= Chernobyl Recovery and Development Programme =

Program aimed to restore areas and people affected by the Chernobyl disaster

 Chernobyl Recovery and Development Programme (CRDP) is developed by the United Nations Development Programme and aims at ensuring return to normal life as a realistic prospect for people living in regions affected by Chernobyl disaster. The Programme provides continuing support to the Government of Ukraine for elaboration and implementation of development-oriented solutions for the regions.
The CRDP, part of the United Nations Development Programme activities in Ukraine, has been launched based on the recommendations of “The Human Consequences of the Chernobyl Nuclear Accident.
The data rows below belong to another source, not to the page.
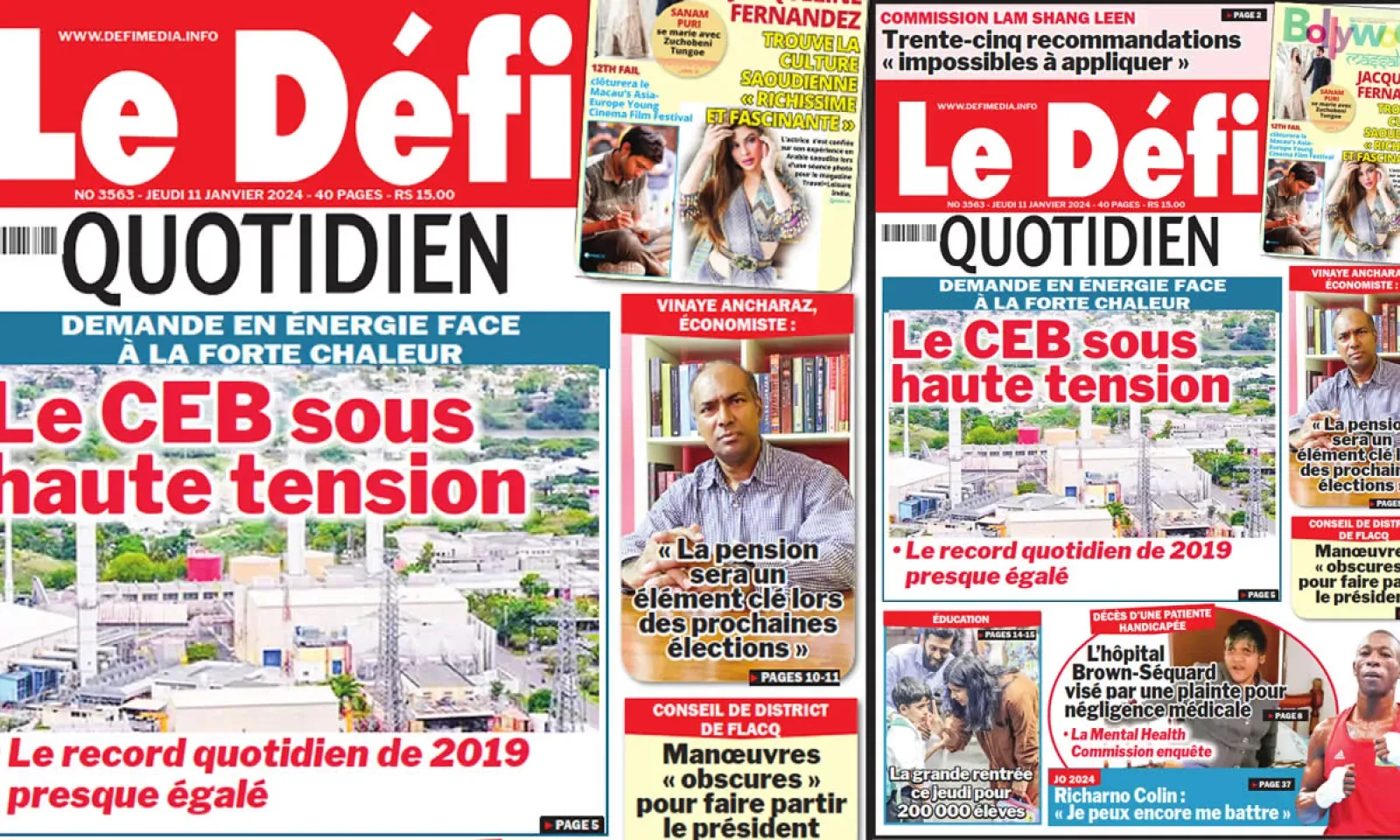 ? Voici la Une du Défi Quotidien. Le journal est en vente à Rs 15 l'exemplaire aux endroits habituels (supermarchés, boutiques, tabagies, superettes). Bonne lecture !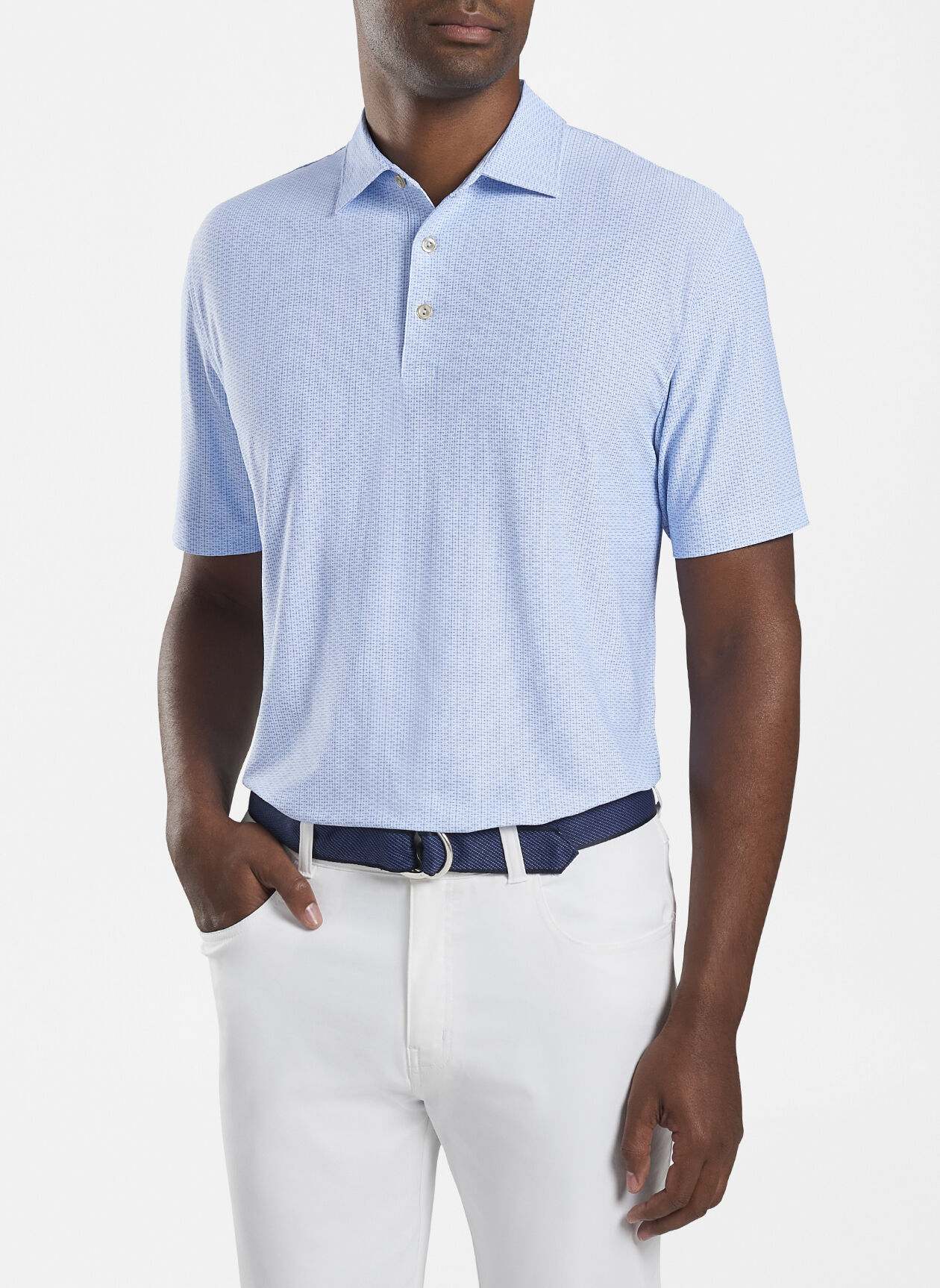 This polo offers sharp style and technical performance that make it a staple in any wardrobe. It’s constructed using a lightweight, easy-care mesh fabric that wicks moisture and stretches four ways for optimal mobility on and off the course. A novelty print adds a touch of unique style. Finished with a Sean self-fabric collar and three-button placket.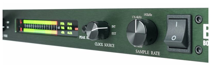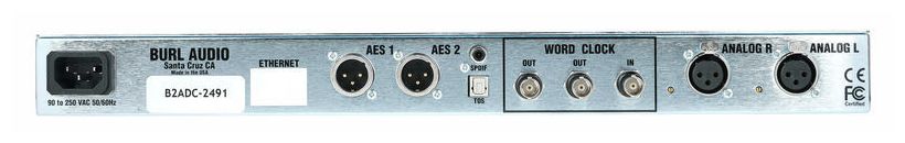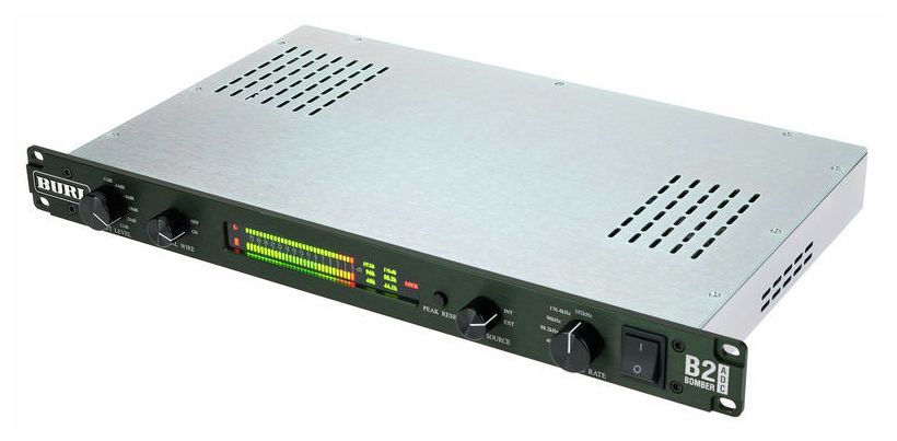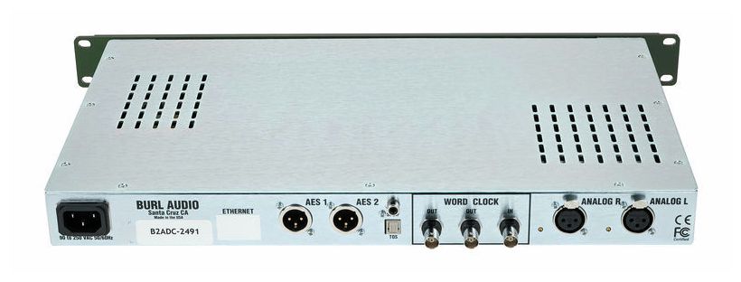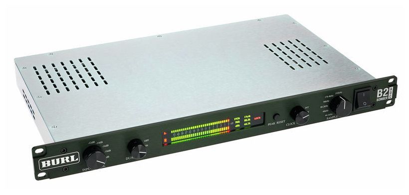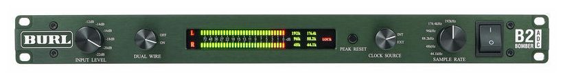 Burl Audio B2 Bomber ADC — двухканальный аналогово-цифровой преобразователь с разрешением 24 бит и частотой дискретизации 44,1–192 кГц, разработанный для студийной записи, микширования и мастеринга. Модель оснащена фирменным трансформаторным входным каскадом Burl BX1 и полностью дискретной аналоговой схемой Class-A без обратной связи и конденсаторов, что обеспечивает естественный, насыщенный аналоговый характер звука и высокое качество преобразования. B2 Bomber ADC оснащён 6-позиционным аттенюатором для управления уровнем входного сигнала, системой измерения с отображением пиков и RMS, двумя AES/EBU выходами, SPDIF и BNC входом для синхронизации с низким джиттером. Частотный диапазон при 48 кГц составляет 12–22 кГц, при 96 кГц — 15–46 кГц, при 192 кГц — 18–94 кГц с точностью ±0,1 дБ. Динамический диапазон достигает 120 дБ, а уровень искажений THD+N составляет до -100 дБ при +4 dBU и -94 дБ при +18 dBU. Корпус 19" 1U.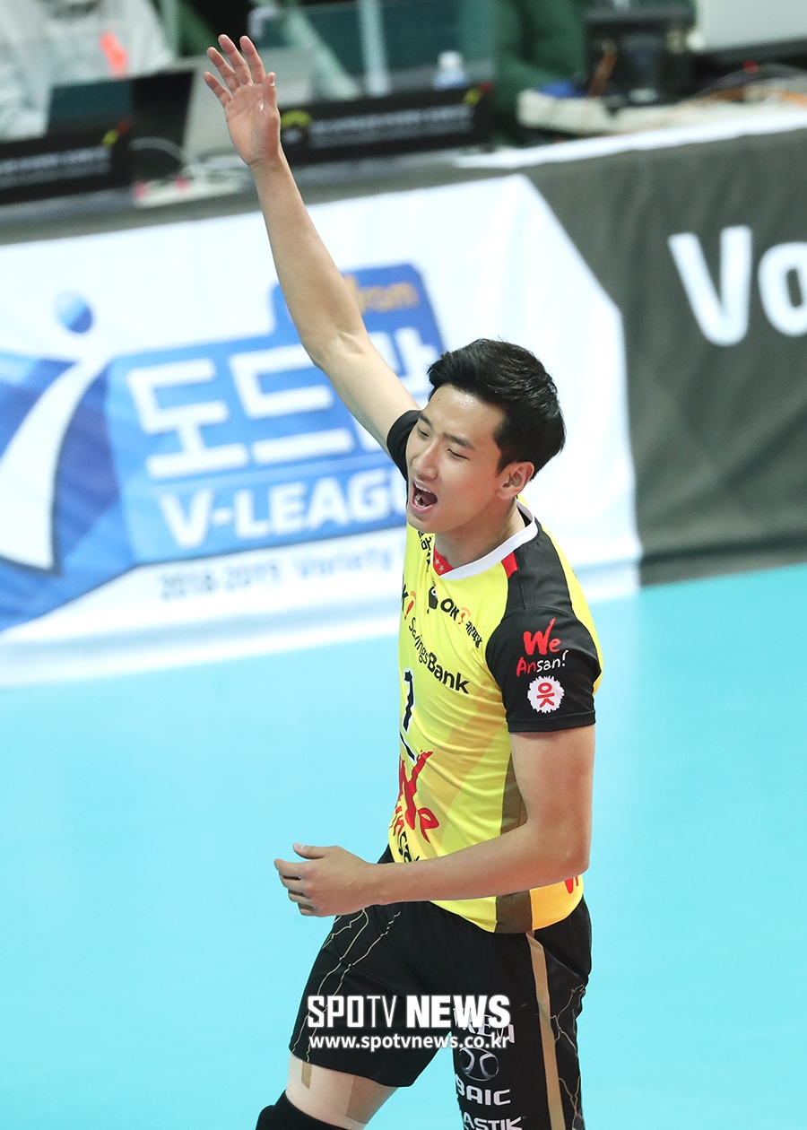 [스포티비뉴스=안산, 곽혜미 기자] 2018-2019 도드람 V리그 남자부 OK저축은행과 우리카드의 경기가 28일 오후 안산 상록수체육관에서 열렸다. OK저축은행 송명근이 득점에 기뻐하고 있다.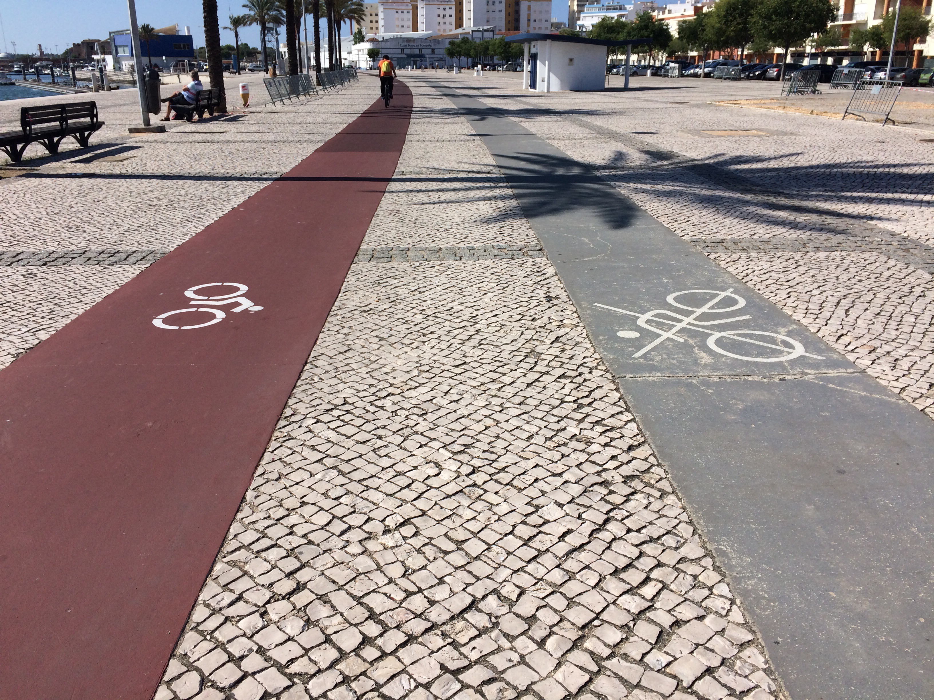 Strandpromenaden där vi satt är välbesökt på förmiddagarna. Många som, joggar, power walkar eller cyklar. Görstår dem för det är härlig miljö och bilfritt. Kommunen uppmuntrar till både cykling och promenader. Man har runt nästan hela stan gjort gångbanor och cykel banor.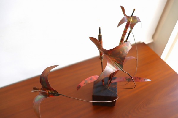 三羽の鳥と蒲の穂がモチーフ。真ん中から外にかけて広がりのあるバランスの取れたデザインです。ハンドメイドならではの個性的なディテールと溶接された金属の質感も素敵です。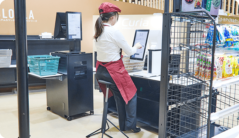 - レジチェアの導入で、長時間に渡る接客業務の負担を軽減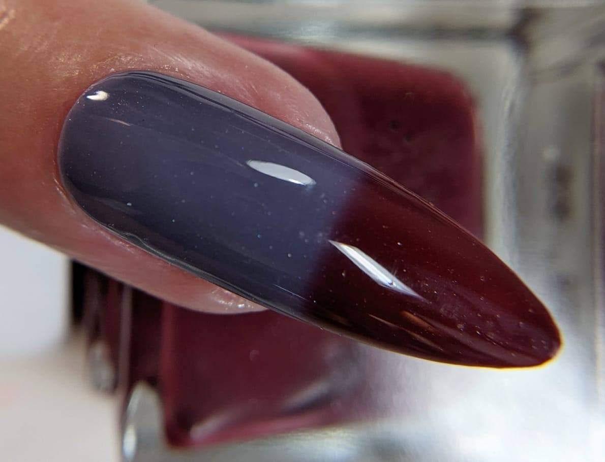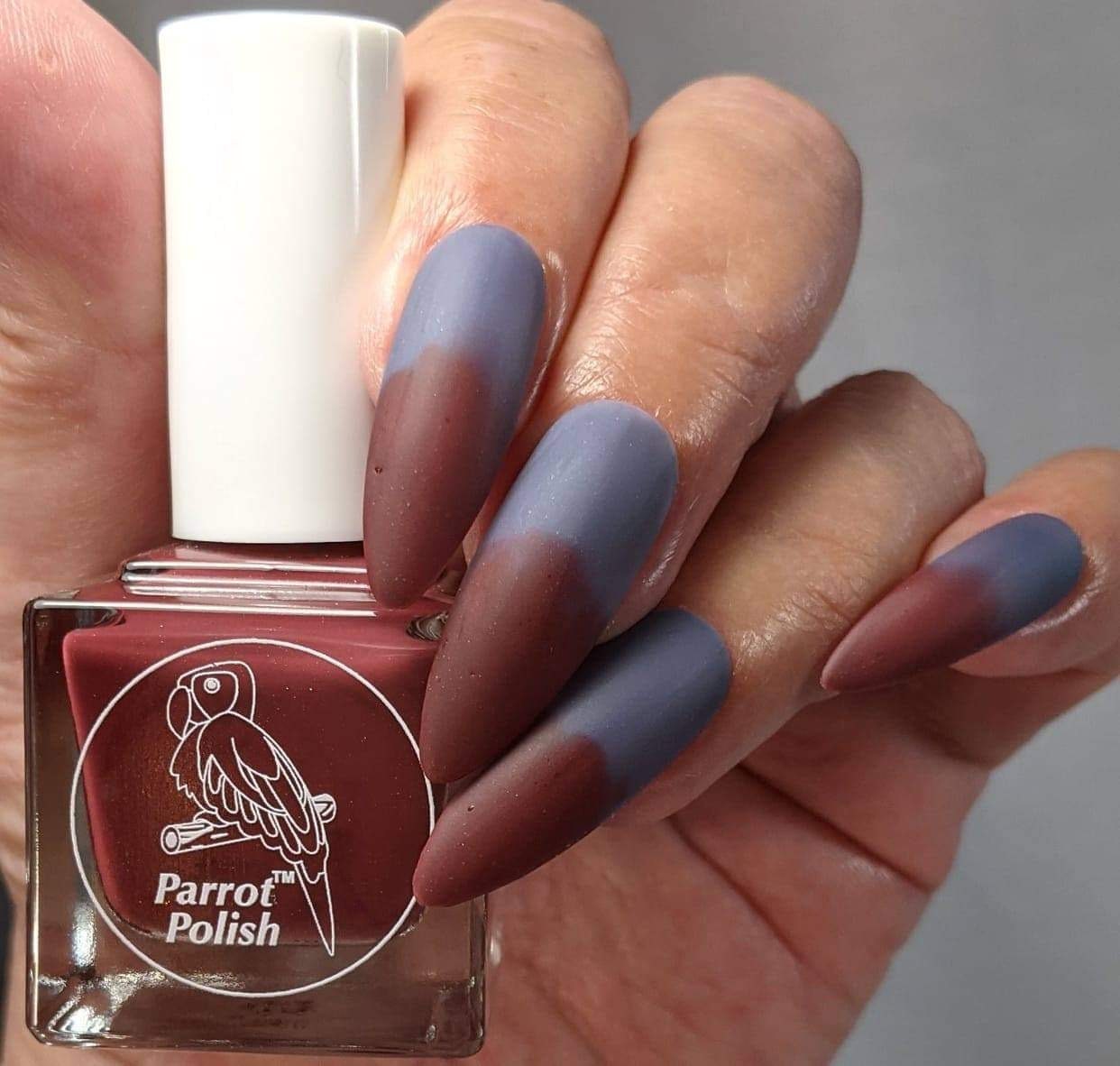 A dramatic accessory for your nails, our Red Dragon thermal nail polish is a dual color polish that transforms from a dark red to greyish purple when it's hot. This vibrant temperature-based polish is suitable for both natural and acrylic nails and it can be layered for a deeper, more opaque color combination. Our premium nail polish offers a bold color combo for optimal drama, and it can be used with various manicure styles and techniques like water marbling to create nail art. Our salon quality nail polish dries to a matte finish, but add a clear top coat for a sophisticated, high-gloss shine. Our premium line of thermal polishes are easy to apply, and dry quickly with a smooth finish. As with all of our Parrot Polish products, non-toxic Red Dragon thermal orange nail polish is cruelty-free and 10-free.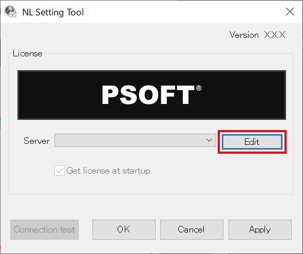 Start the "NL Setting Tool" and click [Edit] to open the "License Server Settings" window.
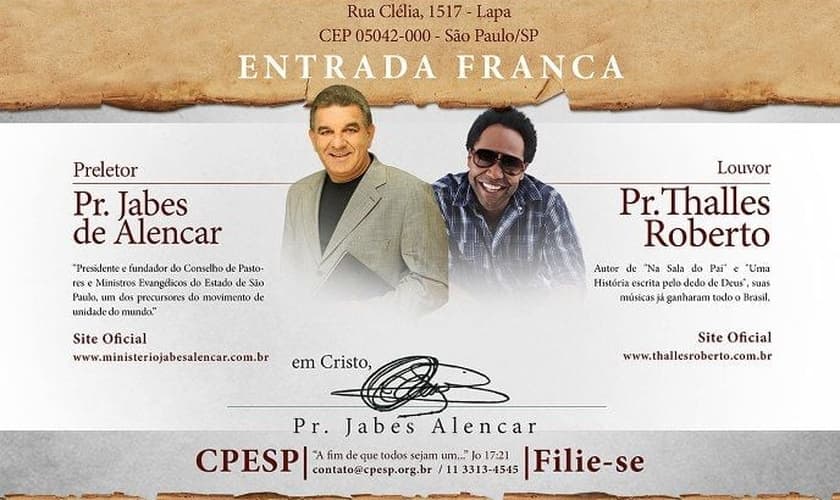 O preletor será o pastor Jabes de Alencar, presidente da CPESP. Thalles Roberto ministrará o louvor.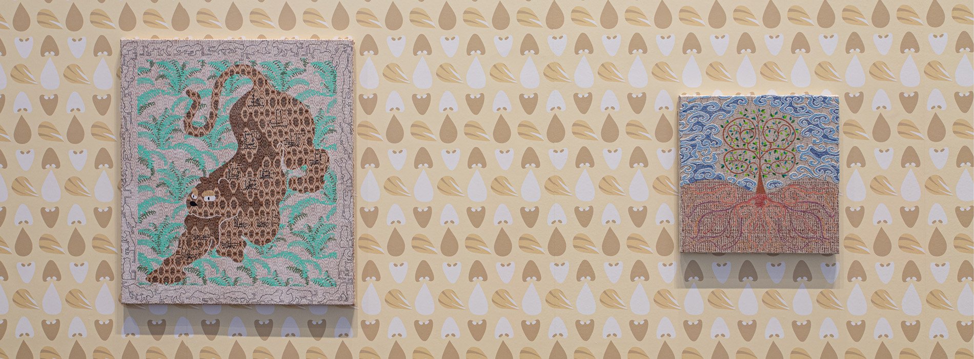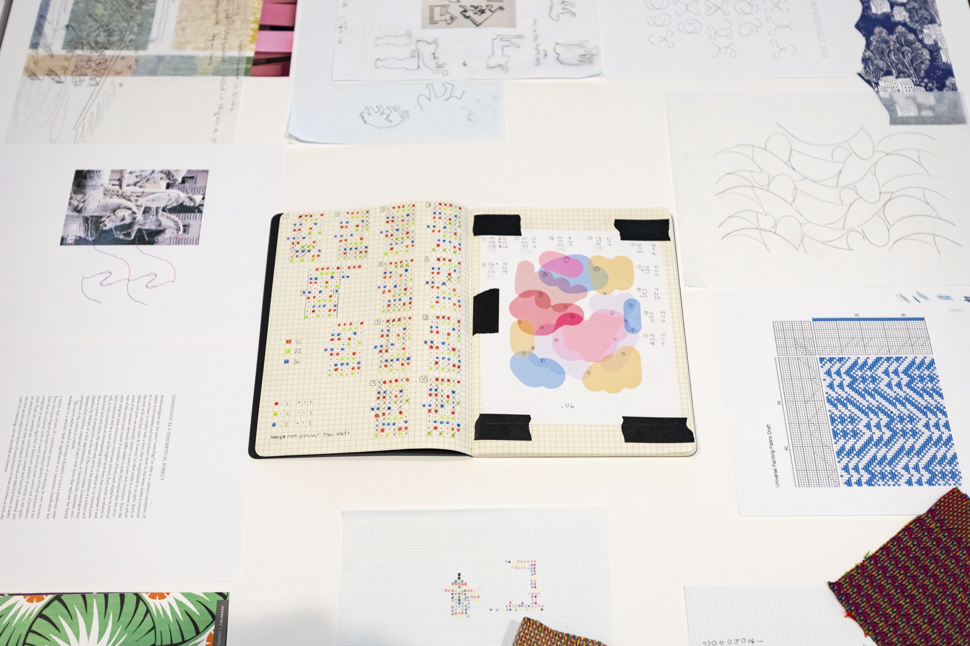 Operating at the intersection of craft, technology, and contemporary art, Mark Barrow and Sarah Parke explore visual systems with their collaborative weaving and painting practice. Systems and Mythologies is the first solo museum exhibition for the artist duo and will showcase newly commissioned textiles and paintings, as well as site-specific wallpaper and vinyl window installations that extend their patterns throughout the space, alongside earlier series showing the arc of their fifteen-year collaboration.
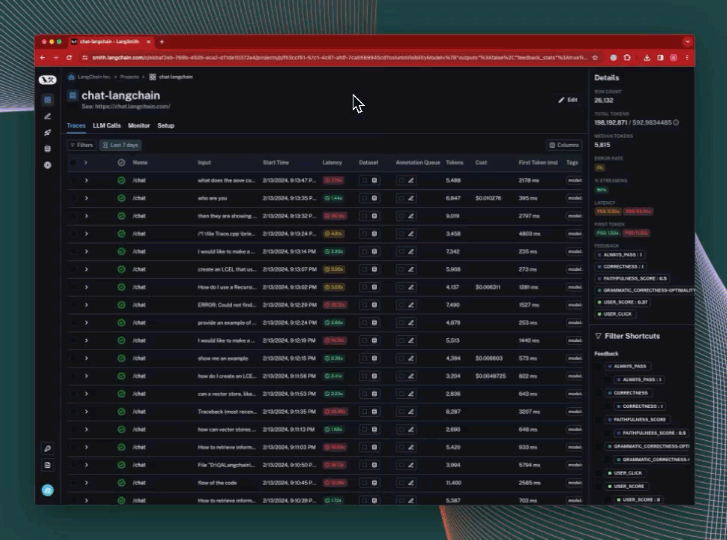 从 ChatLangChain 记录跟踪和反馈评分,然后在 LangSmith 中查看结果。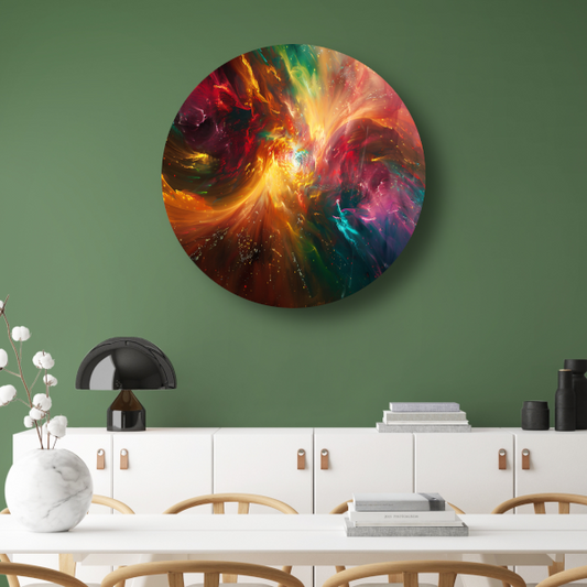 Wervelende Dans van Levendige Kleuren aluminium muurcirkel

A strategy for Recovery” , the joint report by UN agencies initiated in February 2002. Since 2003 the CRDP is constantly working to mitigate long-term social, economic and environmental consequences of the Chernobyl catastrophe, to create more favorable living conditions and to promote sustainable human development in the Chernobyl-affected regions.
In partnerships with international organizations, oblast, rayon and state administrations, village councils, scientific institutions, non-governmental organizations and private business, CRDP supports community organizations and helps them to implement their initiatives on economic, social development and environmental recovery. In addition, the CRDP distributes information about the Chernobyl catastrophe internationally and within Ukraine.

==CRDP activities==
With a strong emphasis on economic development, the project builds a sustainable national framework supporting the return to normal life in the region and in particular focuses on the following areas:

- Strategic solutions to support sustainable local economic development: provision of ongoing advisory support to the Government and assisting in the elaboration of development-oriented solutions for the rehabilitation of the Chornobyl-affected regions.
- Enabling local governance environment to foster economic development - enhancement of local authorities' capacities to transparently define and implement local development strategies, deliver public services, and foster local economic development, including support of strategic planning at rayon level and enhancement of local economic development agencies capacities to facilitate local economic development, provide services for business and authorities in the region.
- Consolidation of community-based recovery and development –involvement of a larger number of affected communities in recovery and development processes, ensuring the introduction of strong national ownership of the approach that addresses specific needs of communities, undergoes revision of radioactive-contamination zones; and targets youth-specific issues in the region such as access to ICT technologies and the Internet.
- Human security through local information provision - development of national capacities to sustain community-based information provision network for the Chornobyl- affected regions and enhancement of local authorities' capacities to improve public awareness and levels of human security in communities living around nuclear facilities based on the Chornobyl lessons learned.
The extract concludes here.